In my opinion, it is not possible to say anything without knowing explicitely f(z).

 

[traianus]

That is the issue I have. Let's assume the function to be odd or even or neither.

 

[StatusX]

Try integrating by parts once (assuming f is differentiable).

 

[traianus]

If I integrate by parts, what do I gain? I do not see it?

 

[StatusX]

You should get the derivative of f time a spike centered at H/2. Pay attention to the boundary terms as well. You can get a nice result if you assume f' is continuous and vanishes at infinity.

 

[tehno]

Nothing concretely can be concluded about convergence or divergence without specifying f(z) I affraid.
Suggestion however:
You might want to try some classical range tests with f(z) being constant ,logarithm and exponential funtions to get the feeling of behaviour.

 

[traianus]

Could you please StatusX post your procedure here? I have the feeling that tehno is right and f(z) must be specified. But we can also ask (this can be useful too) what are the properties of the function f(z) to NOT have infinite limit.

 

[StatusX]

All I can really say is that if f' vanishes at infinity, you can show the integral you get after integrating by parts vanishes in the limit. Then you are left with the boundary terms, which should be easy, as long as f(z) asympototes to some limit as z->infinity (which, incidentally, implies the first assumption).

 

[traianus]

If I unserstood correctly, when the derivative goes to zero the we have only the boundary term; however, the boundary term goes to zero too because it has H at the denominator.
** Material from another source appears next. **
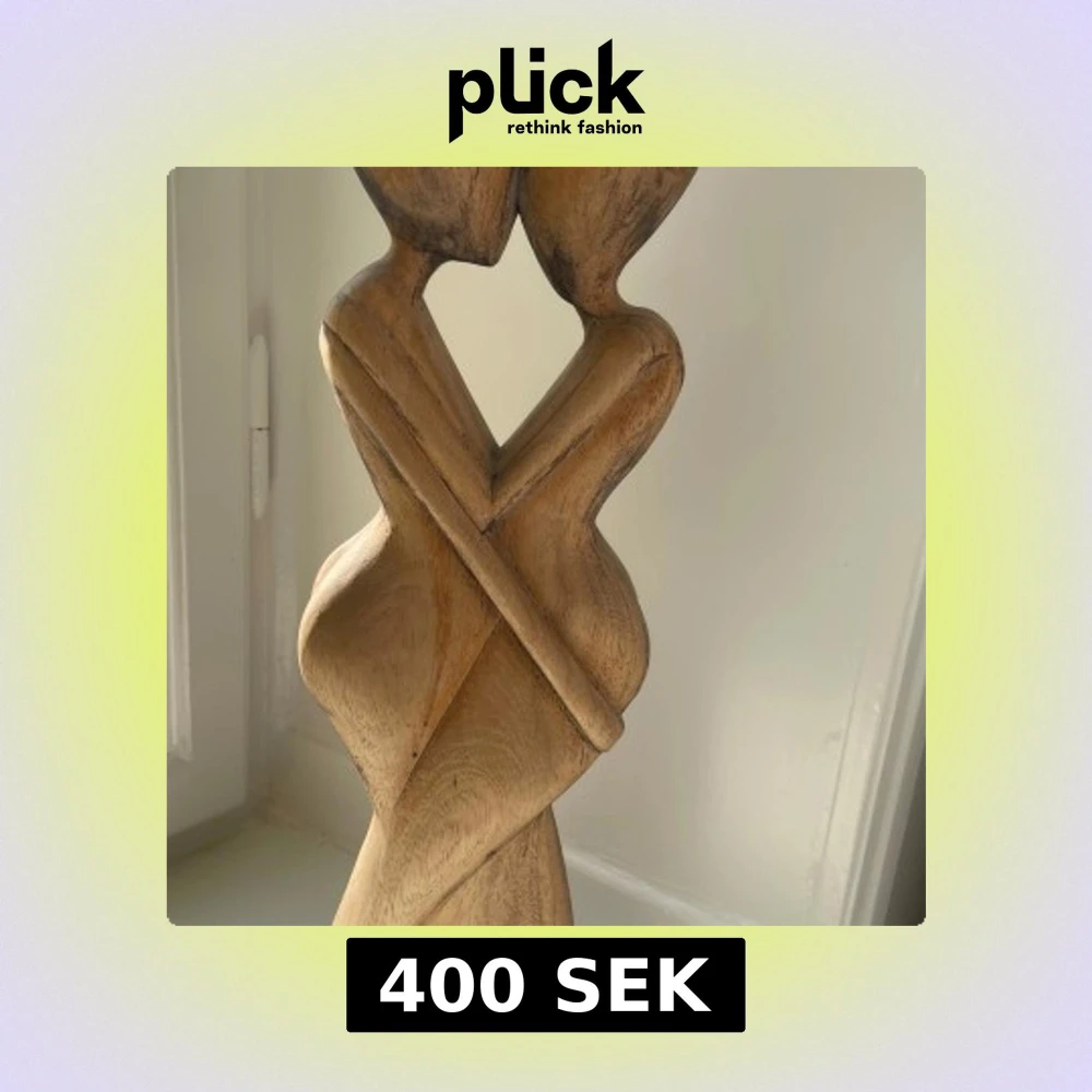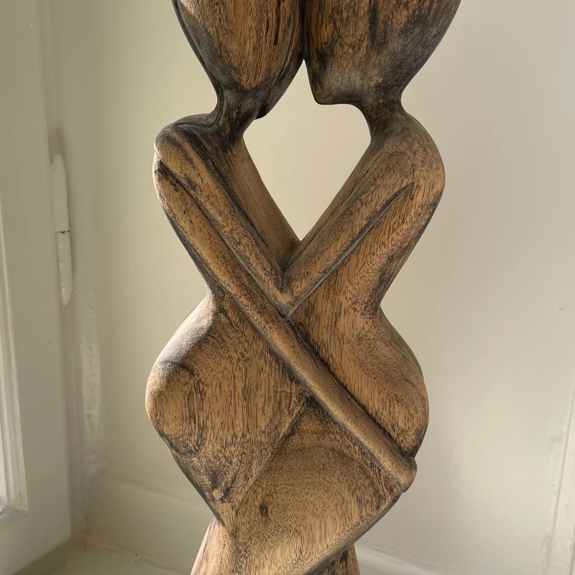 Unik handgjord träskulptur som föreställer två personer i en kärleksfull omfamning. Skulpturen har mjuka, organiska former och är tillverkad i ljust trä med naturlig ådring. Perfekt som dekorativ inredningsdetalj.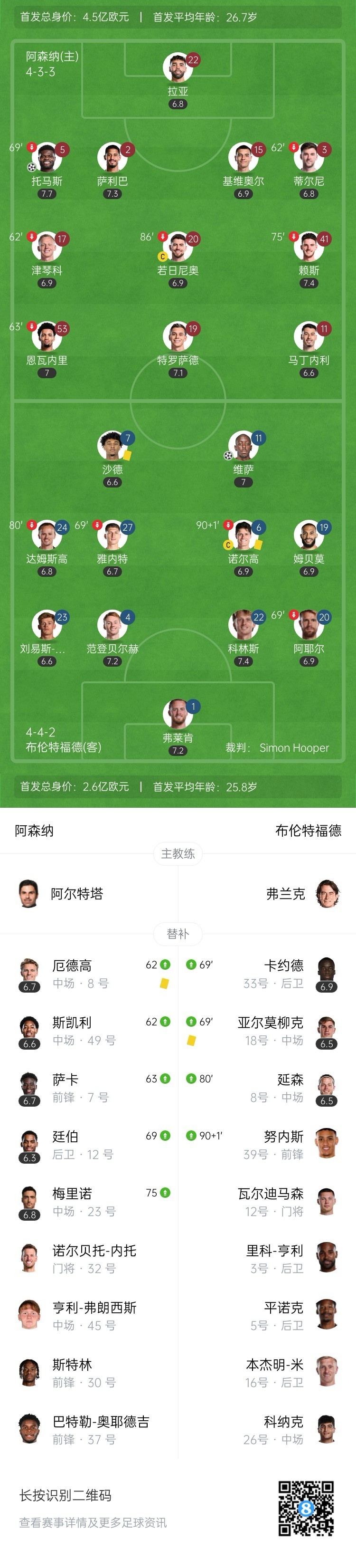 全场比赛结束,阿森纳主场1-1战平布伦特福德。

So under the assumptions that StatusX made the limit is zero.

 

[StatusX]

No, check the boundary term again, the H should drop out.

 

[balakrishnan_v]

If f converges to a point say $$f_{\infty}$$ then the answer would be
$$\frac{f_{\infty}}{(b-y)^2}$$

 

[traianus]

Hello balakrishnan_v, could you please post your derivation?
Thank you!